(Try it)
Copy exactly and only the lines running from the one that contains "一般而言,不銹鋼熔體在凝固過" to the final line of the data below, without the pictures.
Entries provided Block Start
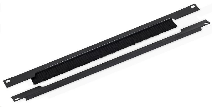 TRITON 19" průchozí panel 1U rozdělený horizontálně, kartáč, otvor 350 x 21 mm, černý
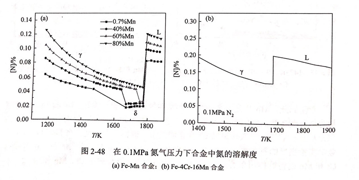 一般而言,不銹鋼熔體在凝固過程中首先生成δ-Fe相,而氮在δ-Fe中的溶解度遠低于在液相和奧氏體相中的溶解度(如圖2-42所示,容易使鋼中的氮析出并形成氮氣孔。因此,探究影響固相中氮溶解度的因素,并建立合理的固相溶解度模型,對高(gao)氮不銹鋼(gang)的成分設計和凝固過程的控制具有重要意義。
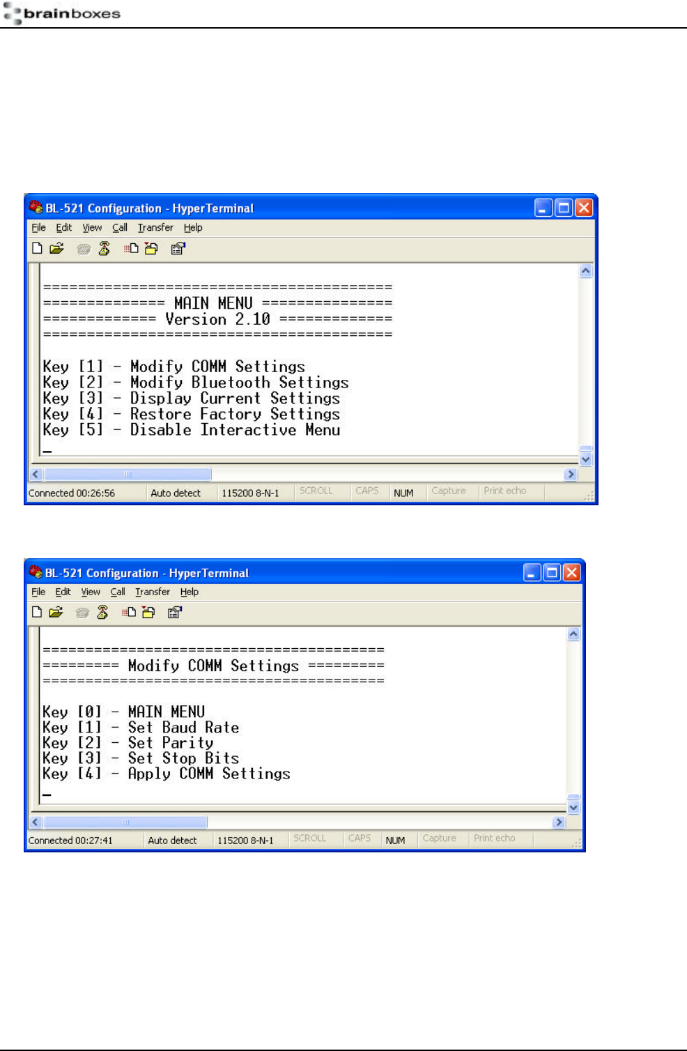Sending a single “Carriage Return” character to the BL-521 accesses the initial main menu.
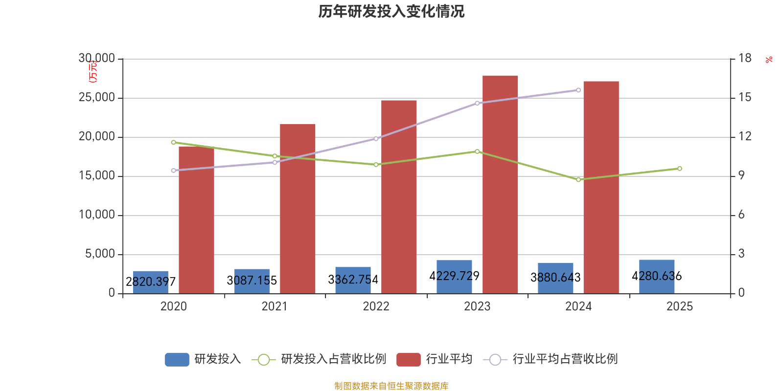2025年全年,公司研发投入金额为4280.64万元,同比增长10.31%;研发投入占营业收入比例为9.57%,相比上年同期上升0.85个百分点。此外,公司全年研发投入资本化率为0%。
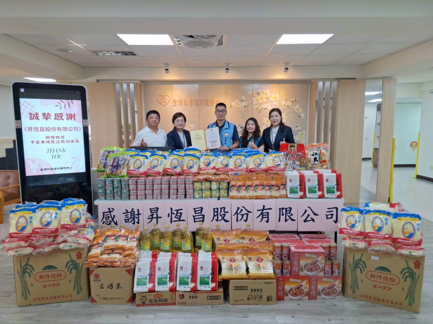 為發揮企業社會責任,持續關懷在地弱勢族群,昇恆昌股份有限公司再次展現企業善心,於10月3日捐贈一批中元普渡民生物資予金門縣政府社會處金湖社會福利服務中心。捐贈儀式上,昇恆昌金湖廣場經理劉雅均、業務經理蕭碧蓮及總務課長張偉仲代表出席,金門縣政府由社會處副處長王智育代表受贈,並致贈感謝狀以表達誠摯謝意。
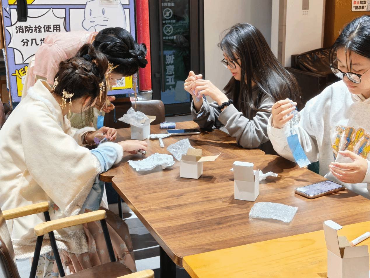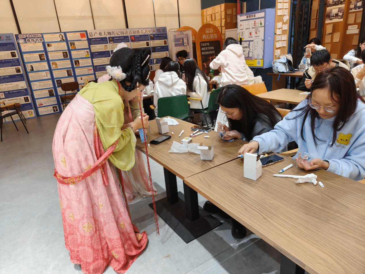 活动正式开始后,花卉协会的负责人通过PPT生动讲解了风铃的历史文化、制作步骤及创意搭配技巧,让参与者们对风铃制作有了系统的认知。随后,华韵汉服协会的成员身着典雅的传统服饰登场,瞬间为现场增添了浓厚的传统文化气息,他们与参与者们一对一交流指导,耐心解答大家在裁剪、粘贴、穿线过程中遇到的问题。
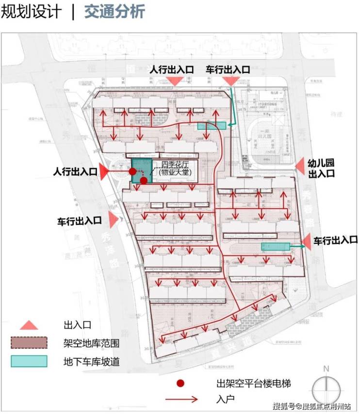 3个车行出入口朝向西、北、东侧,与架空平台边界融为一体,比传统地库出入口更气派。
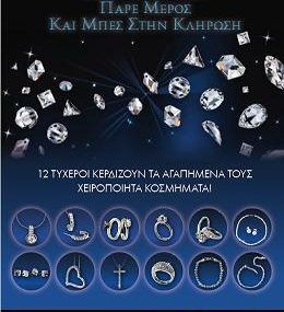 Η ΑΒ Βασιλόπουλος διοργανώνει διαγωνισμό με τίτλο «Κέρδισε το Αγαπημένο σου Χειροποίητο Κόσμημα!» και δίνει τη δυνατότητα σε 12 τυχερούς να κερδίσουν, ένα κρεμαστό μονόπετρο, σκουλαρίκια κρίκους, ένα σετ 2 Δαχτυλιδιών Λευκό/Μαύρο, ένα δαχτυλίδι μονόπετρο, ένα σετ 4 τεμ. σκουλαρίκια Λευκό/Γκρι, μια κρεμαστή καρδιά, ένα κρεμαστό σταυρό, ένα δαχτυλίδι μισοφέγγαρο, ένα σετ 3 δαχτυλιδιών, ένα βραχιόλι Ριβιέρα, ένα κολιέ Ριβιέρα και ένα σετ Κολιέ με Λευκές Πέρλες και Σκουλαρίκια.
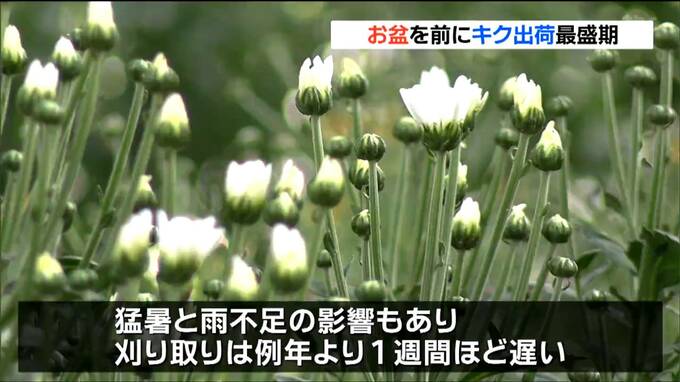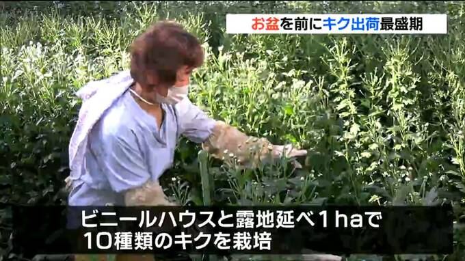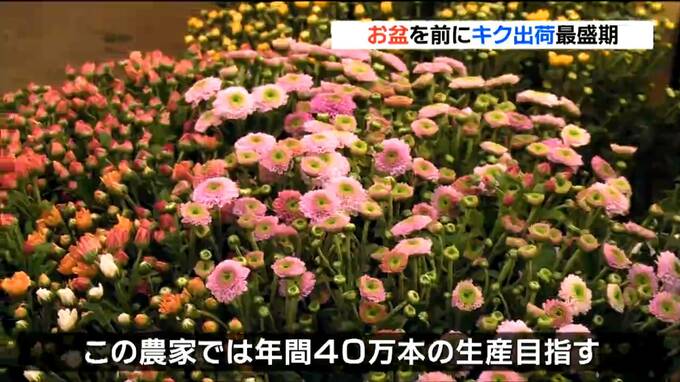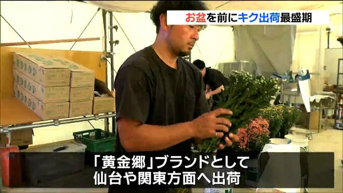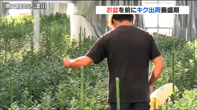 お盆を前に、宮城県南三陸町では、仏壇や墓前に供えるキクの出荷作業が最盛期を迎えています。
Entries provided Block End
(Result)
 一般而言,不銹鋼熔體在凝固過程中首先生成δ-Fe相,而氮在δ-Fe中的溶解度遠低于在液相和奧氏體相中的溶解度(如圖2-42所示,容易使鋼中的氮析出并形成氮氣孔。因此,探究影響固相中氮溶解度的因素,并建立合理的固相溶解度模型,對高(gao)氮不銹鋼(gang)的成分設計和凝固過程的控制具有重要意義。
Sending a single “Carriage Return” character to the BL-521 accesses the initial main menu.
2025年全年,公司研发投入金额为4280.64万元,同比增长10.31%;研发投入占营业收入比例为9.57%,相比上年同期上升0.85个百分点。此外,公司全年研发投入资本化率为0%。
 為發揮企業社會責任,持續關懷在地弱勢族群,昇恆昌股份有限公司再次展現企業善心,於10月3日捐贈一批中元普渡民生物資予金門縣政府社會處金湖社會福利服務中心。捐贈儀式上,昇恆昌金湖廣場經理劉雅均、業務經理蕭碧蓮及總務課長張偉仲代表出席,金門縣政府由社會處副處長王智育代表受贈,並致贈感謝狀以表達誠摯謝意。
 活动正式开始后,花卉协会的负责人通过PPT生动讲解了风铃的历史文化、制作步骤及创意搭配技巧,让参与者们对风铃制作有了系统的认知。随后,华韵汉服协会的成员身着典雅的传统服饰登场,瞬间为现场增添了浓厚的传统文化气息,他们与参与者们一对一交流指导,耐心解答大家在裁剪、粘贴、穿线过程中遇到的问题。
 3个车行出入口朝向西、北、东侧,与架空平台边界融为一体,比传统地库出入口更气派。
 Η ΑΒ Βασιλόπουλος διοργανώνει διαγωνισμό με τίτλο «Κέρδισε το Αγαπημένο σου Χειροποίητο Κόσμημα!» και δίνει τη δυνατότητα σε 12 τυχερούς να κερδίσουν, ένα κρεμαστό μονόπετρο, σκουλαρίκια κρίκους, ένα σετ 2 Δαχτυλιδιών Λευκό/Μαύρο, ένα δαχτυλίδι μονόπετρο, ένα σετ 4 τεμ. σκουλαρίκια Λευκό/Γκρι, μια κρεμαστή καρδιά, ένα κρεμαστό σταυρό, ένα δαχτυλίδι μισοφέγγαρο, ένα σετ 3 δαχτυλιδιών, ένα βραχιόλι Ριβιέρα, ένα κολιέ Ριβιέρα και ένα σετ Κολιέ με Λευκές Πέρλες και Σκουλαρίκια.
 お盆を前に、宮城県南三陸町では、仏壇や墓前に供えるキクの出荷作業が最盛期を迎えています。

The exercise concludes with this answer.